Gbm.Report - Githubissues

SimonDedman commented 4 years ago

Gbm.report function using markdown to create a word document with the full results section and model interpretation, data units n sources (get via gbm.call, have user fill em in, generate template csv file to look for), bfcheck & hyperparameter choice n options (gbm.call), loop

Compile all papers' reviewers' questions and criticisms into a doc and address them for FI paper but also here as structured questions / headings. Comparative analysis to GLM GAMs (& PCA?)

SimonDedman commented 4 years ago

varint, correlations between variables. Pre & post modelling section.

SimonDedman commented 3 years ago

Output as a full pdf (& word doc?) for SM which contains everything (inc link to this methodology as a DOI?), also pdf/word doc for the MS methods subsection with only the required info.

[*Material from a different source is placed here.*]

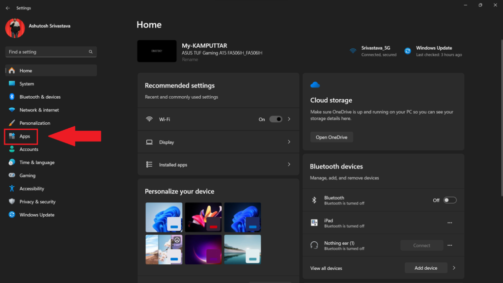 1.PainaVoittaa-näppäintä ja napsautaCog-kuvaketta avataksesiAsetuksetsovellus.

SimonDedman commented 3 years ago

Speak to Hugo Flavio whose done a lovely job on this with actel, e.g. https://cran.r-project.org/web/packages/actel/vignettes/a-0_workspace_requirements.html

Edit: now at https://hugomflavio.github.io/actel-website/index.html

SimonDedman commented 3 years ago

see https://yihui.org/knitr/ and https://kbroman.org/knitr_knutshell/ and https://github.com/hugomflavio/actel/blob/c899647d61183467d807c6277fa6e61de6066663/R/explore.R#L652

SD: very briefly about the html report formatting: looks like it's just sink to html then cat(paste0( then the various chunks you want, via knitr or r directly?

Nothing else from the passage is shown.